Jobs API
Overview
Jobs are individual executions of your scraping recipes. Each job tracks the progress, results, and any errors that occur during the scraping process.
Endpoints
Get Job Results
Retrieve the results of a specific job.
GET
/recipes/{id}/jobs/{jobId}/results
- Parameters
- Response
Job Lifecycle
Status Flow
graph LR
A[Created] --> B[Pending]
B --> C[Running]
C --> D[Completed]
C --> E[Failed]
Status Definitions
Status | Description | Next States |
---|---|---|
pending | Job is queued and waiting to start | running |
running | Job is currently executing | completed, failed |
completed | Job has finished successfully | - |
failed | Job encountered an error | - |
Job Object
- Schema
- Example
{
"id": "string",
"status": "pending | running | completed | failed",
"startDate": "2024-01-01T00:00:00Z",
"endDate": "2024-01-01T00:00:00Z",
"totalPaginationPages": 0,
"totalPagesScraped": 0,
"totalRows": 0,
"error": "string"
}
{
"id": "job_123",
"status": "completed",
"startDate": "2024-01-01T10:00:00Z",
"endDate": "2024-01-01T10:05:00Z",
"totalPaginationPages": 5,
"totalPagesScraped": 5,
"totalRows": 100,
"error": null
}
Progress Monitoring
Track your job's progress using these metrics:
Metric | Description | Example |
---|---|---|
totalPaginationPages | Total number of pages to process | 10 |
totalPagesScraped | Number of pages processed so far | 7 |
totalRows | Number of data rows extracted | 350 |
Progress Calculation
const progress = (totalPagesScraped / totalPaginationPages) * 100;
Error Handling
When a job fails, the error information is stored in the job object.

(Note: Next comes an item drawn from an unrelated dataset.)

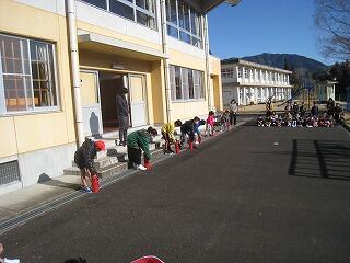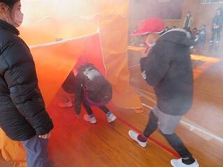 避難後は、御池少年自然の家の方に来て頂き、煙ハウスや水消火器の体験活動を行いました。煙ハウスでは、煙で前が見えなくなり、自分がどこに行けばいいのかが分からなくなってこわかったといった感想が出るなど、火事が起こったときの避難の難しさを感じ取ることができたようです。その後は水消火器を使って、初期消火訓練も行いました。
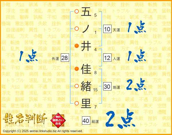 五ノ井佳緒里さんの総運は40画の2点!

Common error scenarios:
- Network timeouts
- Rate limiting
- Invalid selectors
- Website structure changes
Example Error Response
{
"id": "job_123",
"status": "failed",
"error": "Rate limit exceeded: Too many requests to target website"
}
Best Practices
-
Monitoring
- Regularly check job status
- Set up notifications for job completion/failure
- Monitor progress for long-running jobs
-
Error Recovery
- Implement retry logic for failed jobs
- Use exponential backoff for rate limits
- Log detailed error information
-
Resource Management
- Limit concurrent jobs
- Set appropriate timeouts
- Clean up completed job data